«Открытое обращение по амнистии и помилованию незаконно осужденного политзаключенного Григория Грабового»

Вид материалаЗакон
Степанов В.В.
Из зала – И вывешивать надо на столбах, в газетах печатать Трепашкин М.И
Из зала – и в Международный суд? Трепашкин М.И.
Подобный материал:
1   2   3   4
Князькин С.А. – Спасибо. Сейчас мы попросим Михаила Ивановича Трепашкина, который подошел, выступить. Я только один нюанс хочу уточнить. Владимир Викторович хотел сказать, что никакого обещания по поводу воскрешения детей Беслана не было. Прозвучало, что никакого воскрешения не было. Я думаю, что это вопрос к Богу, да. Вот – никакого обещания.

Степанов В.В. – Да, да.

Князькин С.А. – Михаил Иванович, пожалуйста.

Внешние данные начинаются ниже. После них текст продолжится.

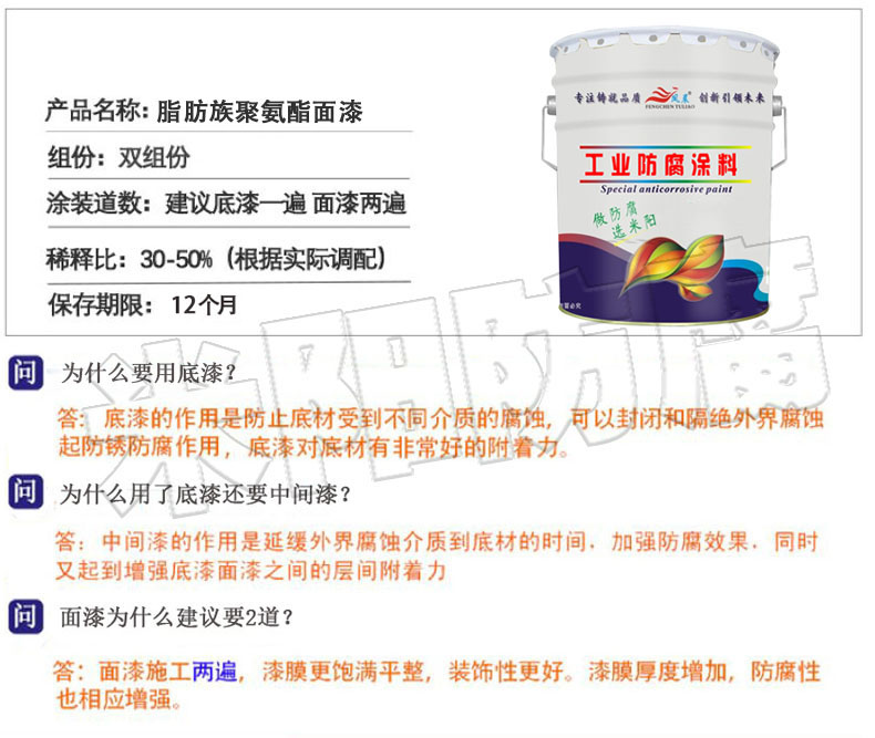 脂肪族聚氨酯面漆別名脂肪族聚氨酯防腐漆,為雙組份,其組成如下:
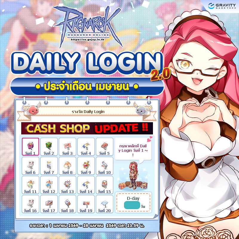 *Daily Login Card จะถูกลบออกจากเกมเพื่อรีเซ็ตรอบและปรับเปลี่ยนของรางวัล ในวันปิดปรับปรุงเซิร์ฟเวอร์วันแรกของเดือนมกราคมทุกปี
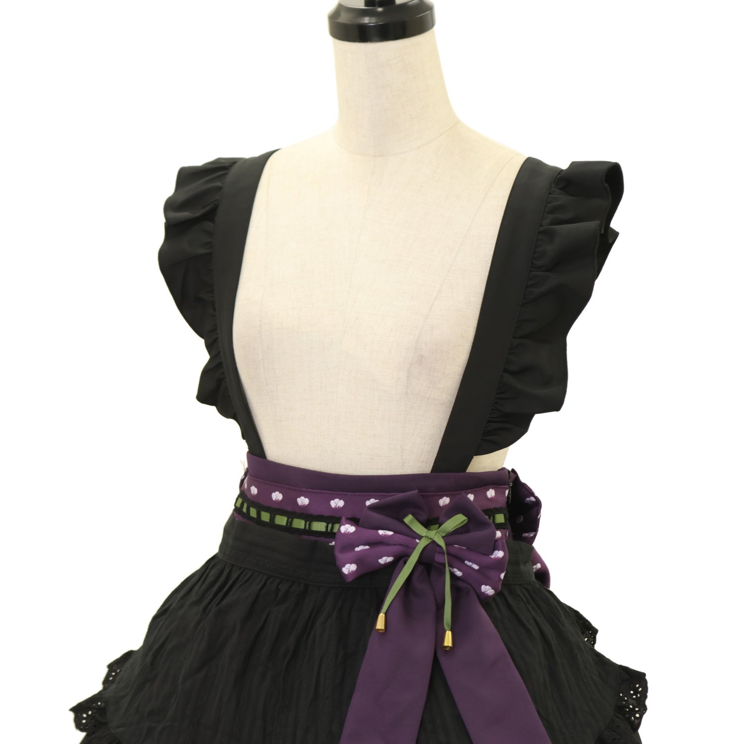 編み上げでサイズ調節可能 肩紐・リボンブローチ取り外し可能 ◆エプロン(取り外し可能) 丈:24cm |
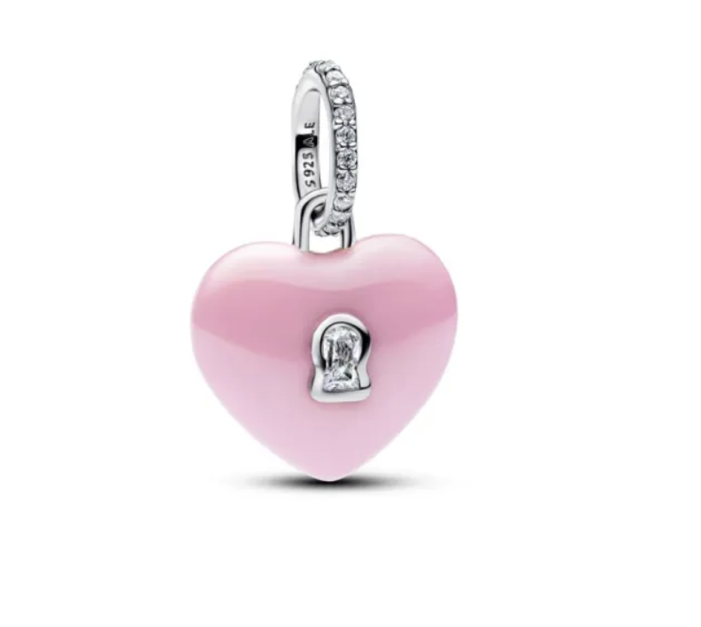 และ Pandora Pink Ceramic Heart Padlock Dangle Charm

Трепашкин М.И. – Да, я думаю, что здесь уже основные вопросы все осветили, Я бы хотел добавить, что я только что выступал на «Народном Радио», до этого у меня брал интервью как раз по сегодняшней пресс–конференции представитель Интерфакса. В связи с чем решили обратиться, как это соотносится с требованиями закона, и тому подобное. Значит, и третья дата, которую я тоже хотел бы сразу увязать, в дальнейшем я просто затрону, может быть, вопросы как раз будут. 10–го ноября этого года в Государственной Думе было заседание с участием 50 членов парламентской ассамблеи Совета Европы, со всех стран приехали, которые были озадачены рядом вопросов. Наряду с вопросами коррупции, с вопросами протокола четырнадцать Европейской Конвенции «О защите прав человека и основных свобод», предусматривающий ускоренную процедуру рассмотрения дел в Европейском суде. Россия не подписывает почему–то этот протокол, и заканчивая, значит – как разработать меры по противодействию, по защите разоблачителей, так оно звучало. По защите разоблачителей. То есть те лица, которые в государстве как только выступят где–то против, или вопреки, скажем, мнению руководителей, их начинают сразу преследовать.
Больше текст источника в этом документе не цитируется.